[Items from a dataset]
..............................

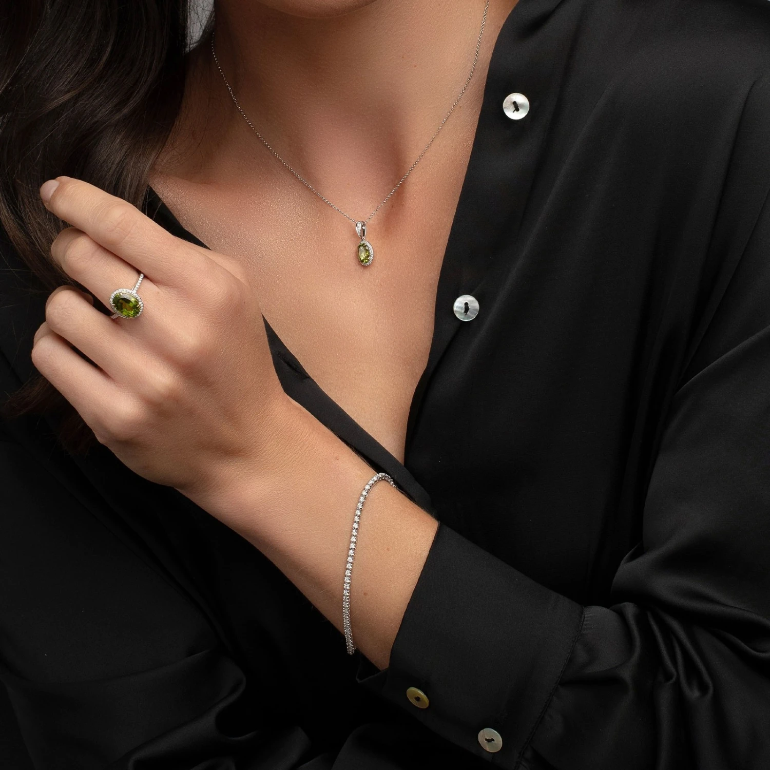 Whether your birthday is in August, you’re celebrating your 16th year of marriage or you simply love the green-gold tones in peridot, this 18ct White Gold Diamond 0.21ct and Peridot 3.15ct Halo Ring from Chisholm Hunter is an elegant choice for any jewellery collector. A striking oval peridot sits within a classic four-claw setting surrounded by a diamond halo and shoulders on a white gold band. Wear this with the matching peridot items for a stunning look.
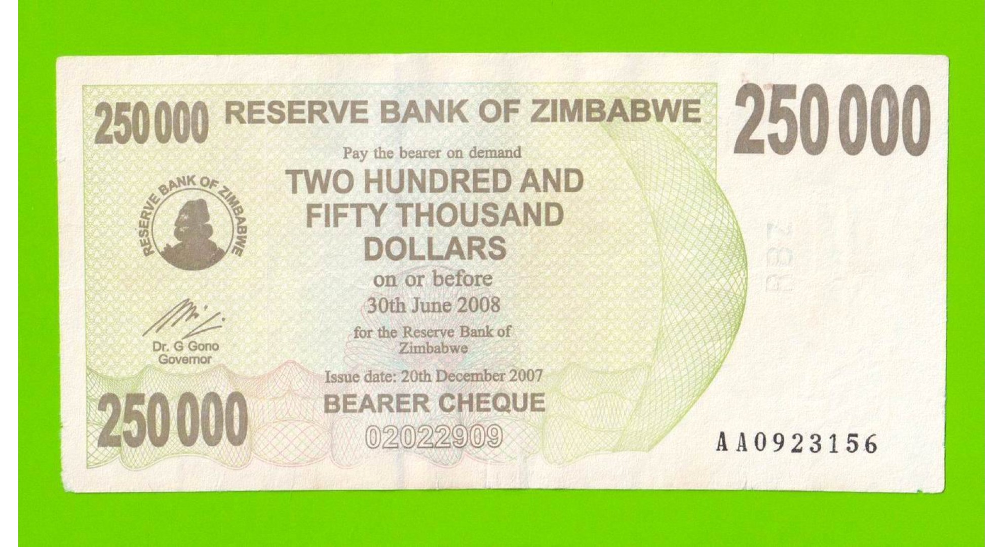 Зимбабве - 250000 долларов - 2007 (AA)
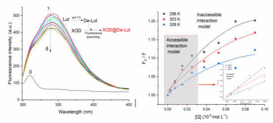 该研究是依托课题组构建的“地方本科院校材料与化工类新工科人才创新实践能力培养体系”,是该教育模式下产出的又一重要成果。研究聚焦于类黄酮抑制剂(木犀草素及其类似物)对黄嘌呤氧化酶(Xanthine oxidase, XOD)活性的抑制机制,为功能食品的开发提供了一个新的视角。研究结果表明,木犀草素及其类似物经去质子化形成的酚类物质是有效的抑制剂,对XOD产生的超氧化物有不同程度的影响。在热力学分析中,不同温度下F0/F与[Q]的Stern-Volmer图未能证明多项式-线性拟合,而是在不同程度上接近x轴,这偏离了预期的良好线性关系,提示抑制的热力学可能与浓度有关。在较低浓度下,抑制剂与酶形成的基态复合物以静态荧光猝灭为主,表现出良好的线性拟合;而高浓度下呈现出非接触型作用机制,反映为猝灭强度减弱的非线性特征。此外,抑制动力学研究表明,木犀草素类化合物表现出浓度依赖的混合型抑制模式(兼具竞争性和非竞争性特征)。同步荧光分析与分子对接结果进一步证实了抑制剂与XOD之间存在特异性相互作用。该研究在深入阐释抑制机制的基础上,拓展了黄酮类天然产物作为XOD抑制剂的潜在应用价值。
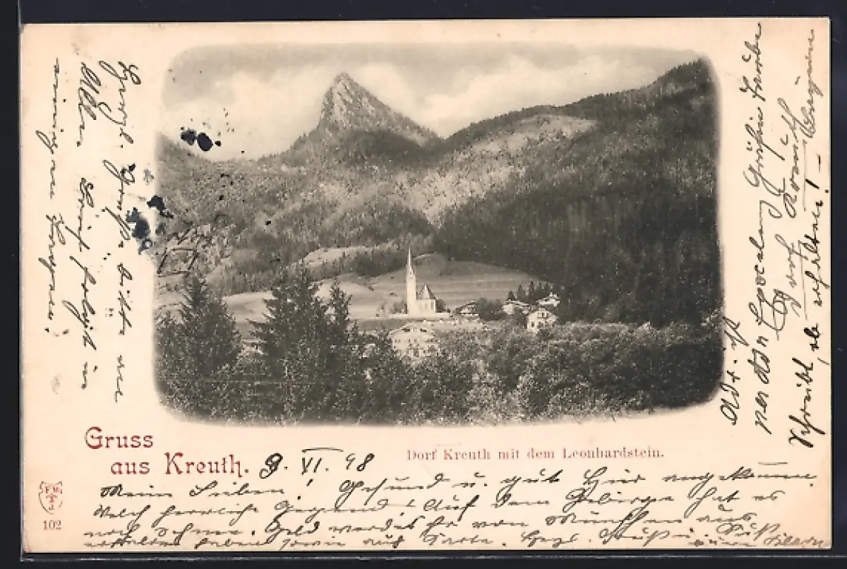 AK Kreuth, Ortsansicht mit dem Leonhardstein
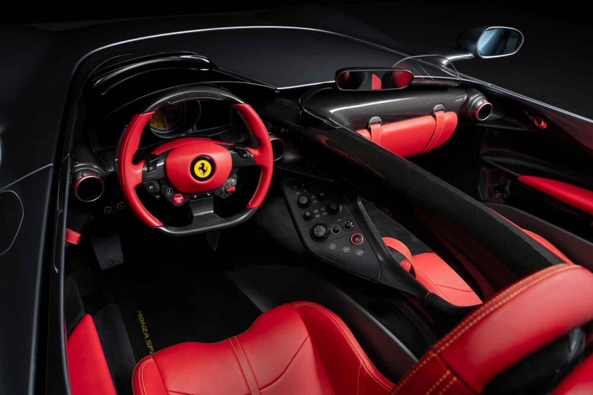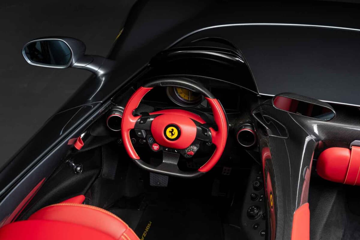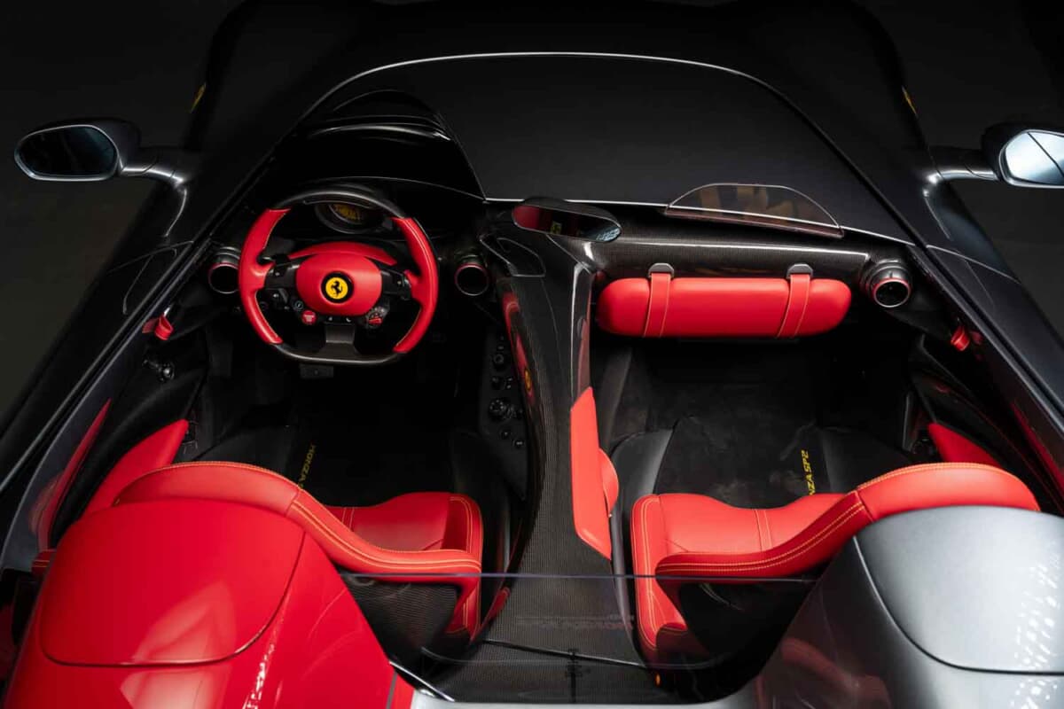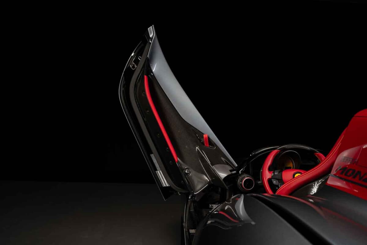 参考までに当時フェラーリから発表されたドライウェイトは、SP1が1500kg、SP2は1520kgという数字。このボディに包み込まれるメカニズムは当時の12気筒ベルリネッタ(クーペ)、812スーパーファストのそれがベースとなっており、フロントに搭載される6496ccのV型12気筒エンジンは、さらに10psが強化され、810psの最高出力を誇った。これに7速ミッションを組み合わせ、0→100km/h加速では2.9秒、0→200km/h加速は7.9秒、そして300km/h以上の最高速を実現するというのがフェラーリからの発表値だった。
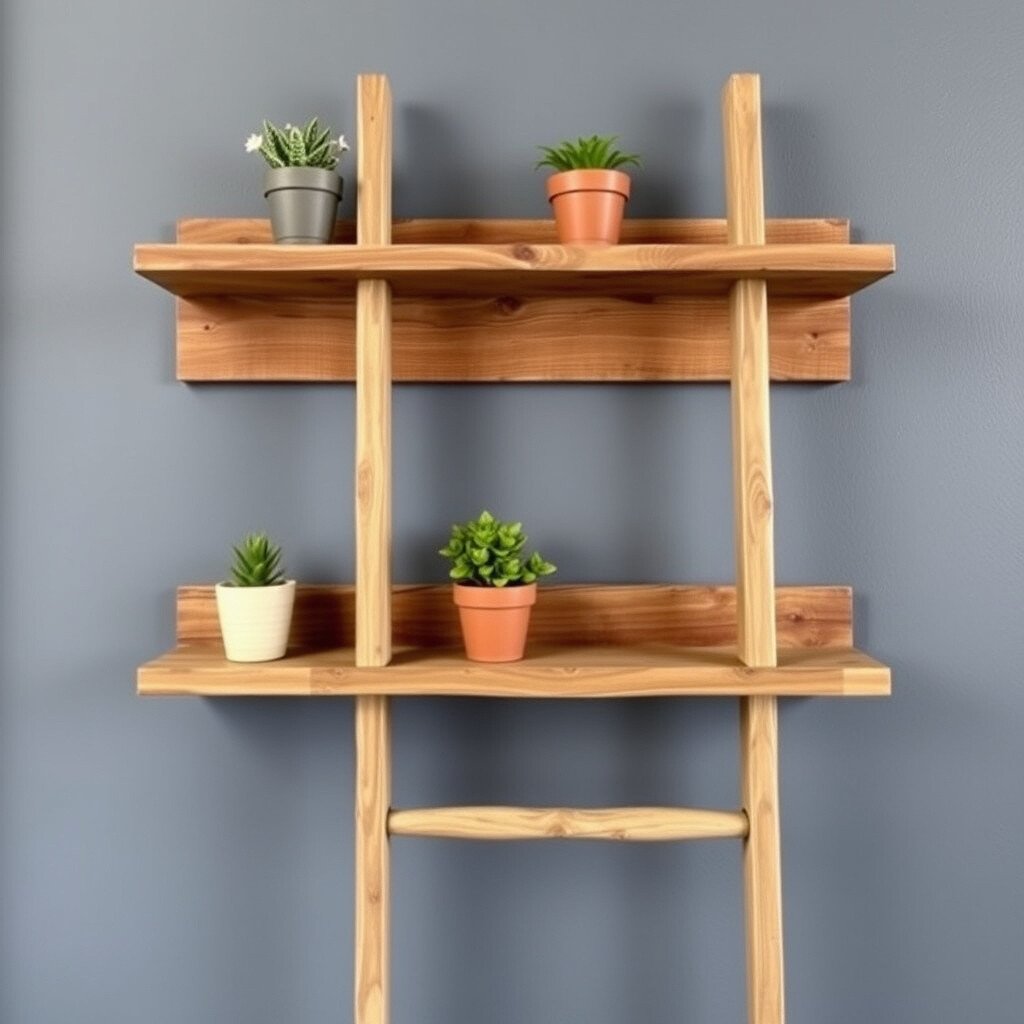 11. Vintage Ladder Shelves Repurpose an old ladder into a set of unique floating shelves. The rungs offer natural divisions for displaying items.
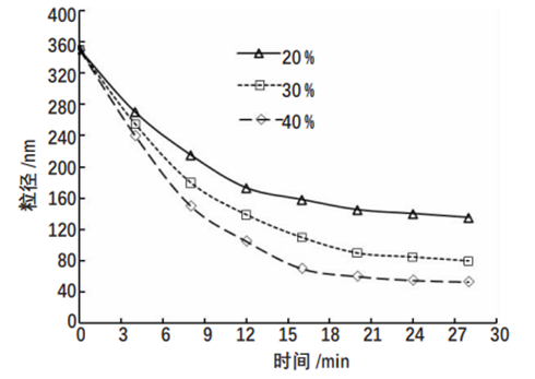 圖4 磷脂含量為10mmol/L,超聲功率分別為20%、30%和40%時粒徑及分散性隨超聲時間的變化
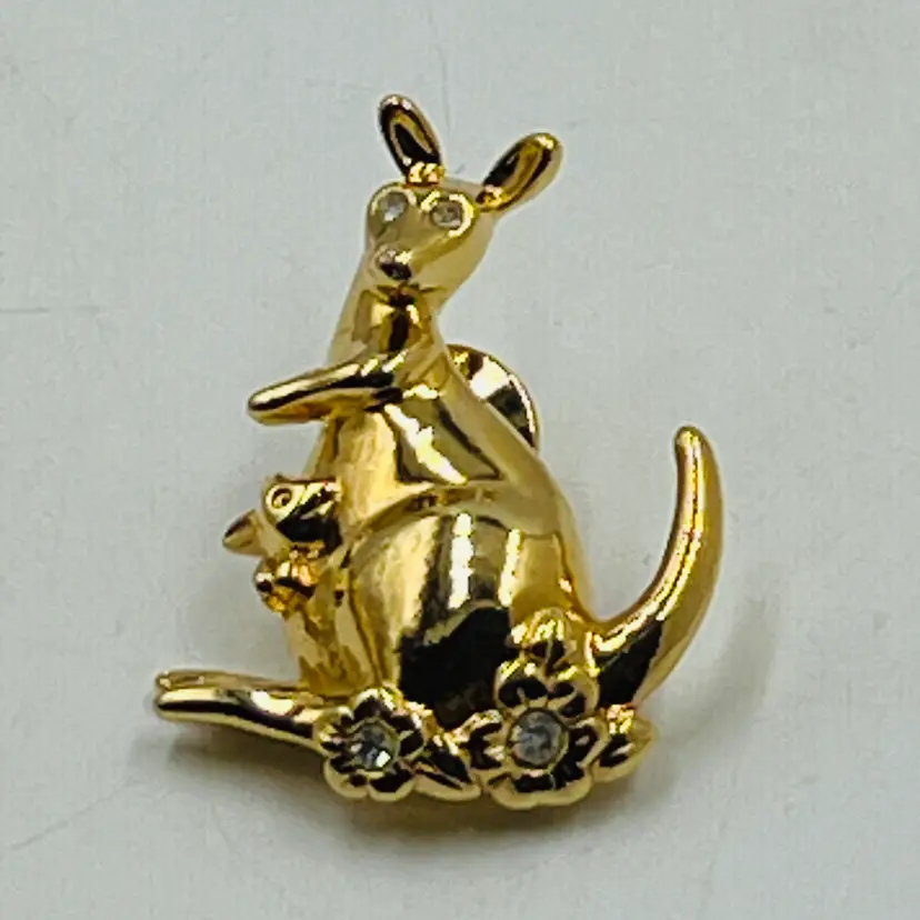 Avon Kangaroo with Joey Pin 1990s Vintage Gold Tone
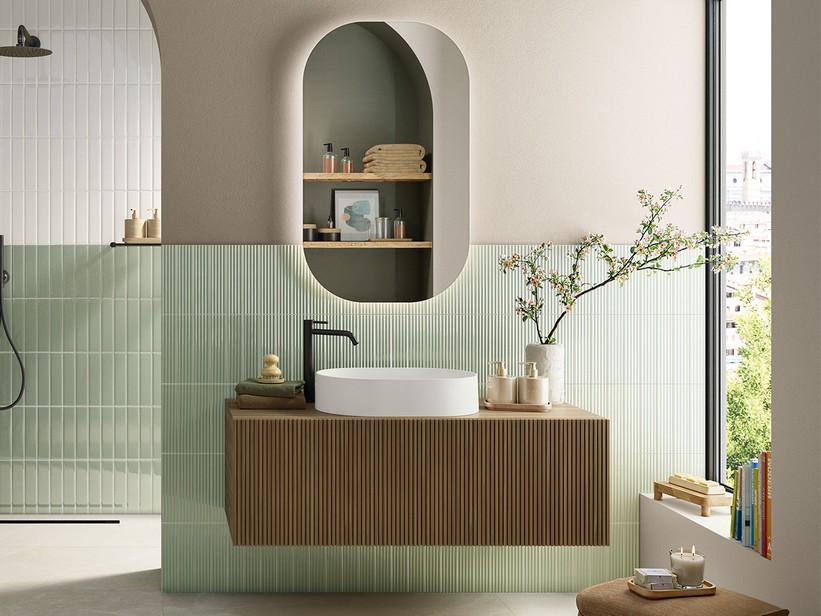 Die salbeigrüne Oberfläche zeichnet sich durch eine dreidimensionale Struktur mit linearen Reliefs aus, die abwechselnd erhabene und weiche Vertiefungsbereiche aufweisen und so einen rhythmischen und dynamischen Effekt erzeugen. Diese Verarbeitung erzeugt Licht- und Schattenspiele, die den Räumen Tiefe und Dynamik verleihen, verstärkt durch die glänzende und leuchtende Oberfläche.
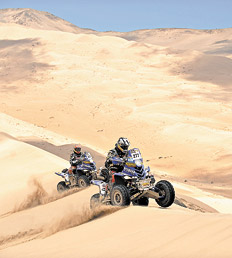 La división de cuatriciclos es la más novel del Dakar, pero los argentinos no le tienen compasión: los hermanos de Las Flores Marcos y Alejandro Patronelli siguen al frente de la clasificación, una vez cruzada la Cordillera, y al llegar a Copiapó tuvieron un plus: se confirmó que el checo Josef Machacek, ganador de la edición 2009 del Dakar por más de dos horas sobre Marcos Patronelli, abandonó la prueba. Machacek se abstuvo de largar el único especial del día, sobre 163 kilómetros, íntegramente disputado en territorio chileno, dirigiéndose fuera de competencia al vivac de Copiapó. De esta manera, ahora son cuatro los argentinos que encabezan la prueba: el primer “extranjero” en la general es el español José González Corominas, a más de 34 minutos de Marcos Patronelli, que le lleva 8m15 a su hermano Alejandro, 26m50 al mendocino Sebastián Halpern y 30m55s al piloto de Cariló Jorge Santamarina.
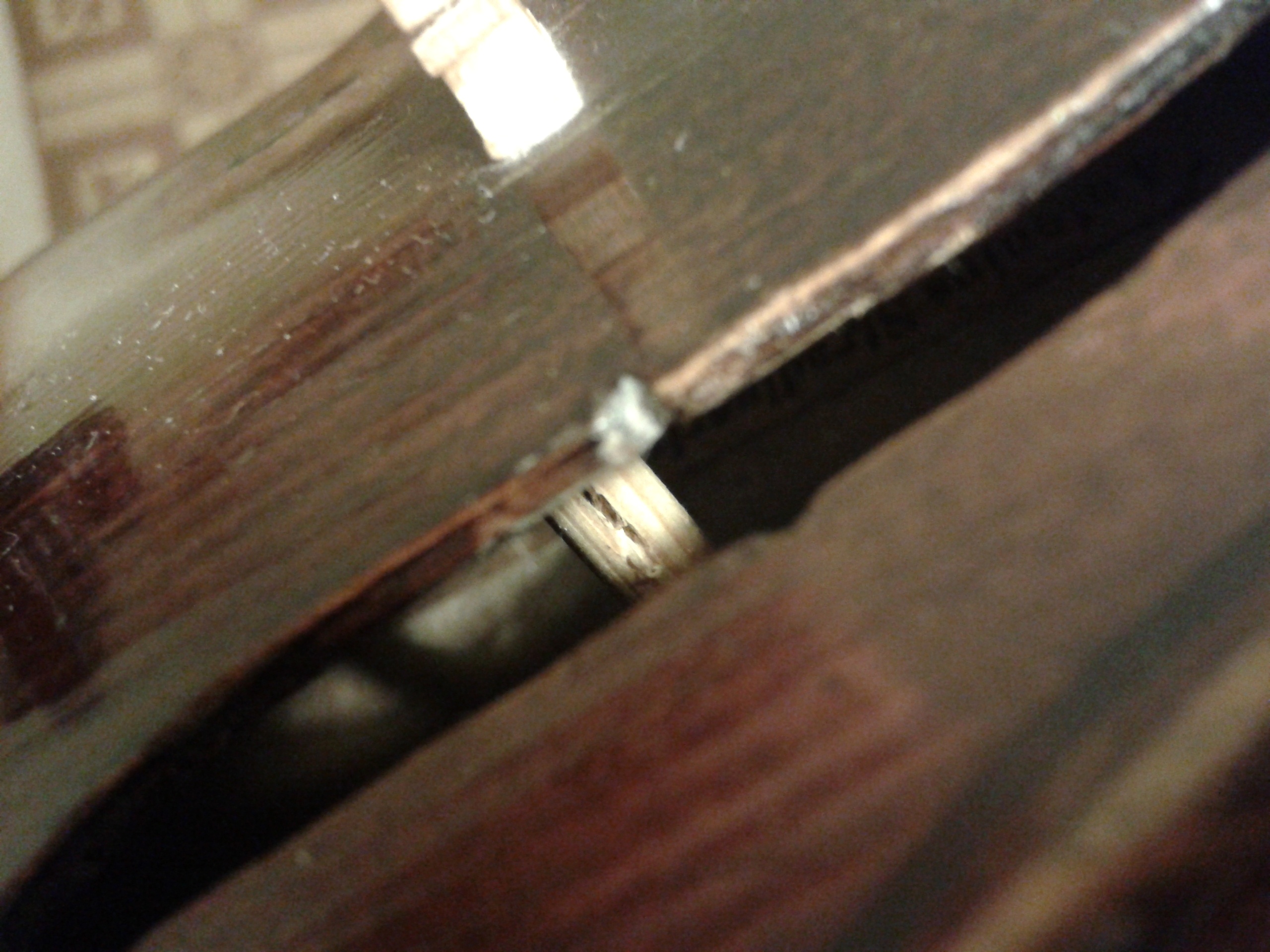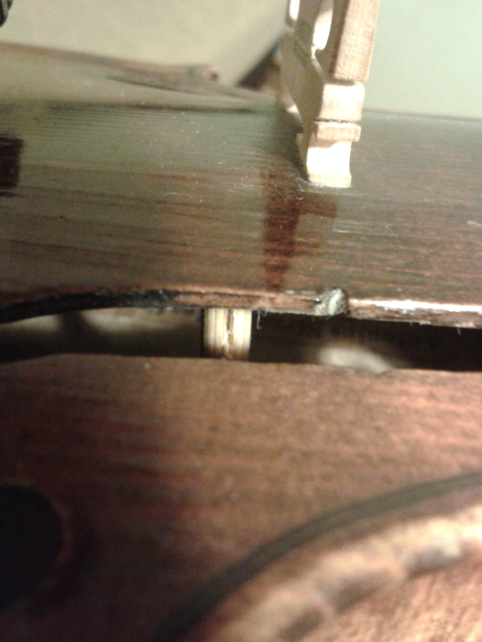 Сегодня решила заглянуть внутрь инструмента, чтобы взглянуть на душку, так, на всякий случай и обнаружила серьёзное повреждение! Хотела узнать на сколько это страшно? Душка несёт большую ответственность за звук, возможно это она и создаёт призвук?

..............................

- _Your assignment_
Every line from the one with "La división de" through the end of the records is to be reproduced exactly, and the pictures are to be left out.

- _Solution to this exercise_
 La división de cuatriciclos es la más novel del Dakar, pero los argentinos no le tienen compasión: los hermanos de Las Flores Marcos y Alejandro Patronelli siguen al frente de la clasificación, una vez cruzada la Cordillera, y al llegar a Copiapó tuvieron un plus: se confirmó que el checo Josef Machacek, ganador de la edición 2009 del Dakar por más de dos horas sobre Marcos Patronelli, abandonó la prueba. Machacek se abstuvo de largar el único especial del día, sobre 163 kilómetros, íntegramente disputado en territorio chileno, dirigiéndose fuera de competencia al vivac de Copiapó. De esta manera, ahora son cuatro los argentinos que encabezan la prueba: el primer “extranjero” en la general es el español José González Corominas, a más de 34 minutos de Marcos Patronelli, que le lleva 8m15 a su hermano Alejandro, 26m50 al mendocino Sebastián Halpern y 30m55s al piloto de Cariló Jorge Santamarina.
 Сегодня решила заглянуть внутрь инструмента, чтобы взглянуть на душку, так, на всякий случай и обнаружила серьёзное повреждение! Хотела узнать на сколько это страшно? Душка несёт большую ответственность за звук, возможно это она и создаёт призвук?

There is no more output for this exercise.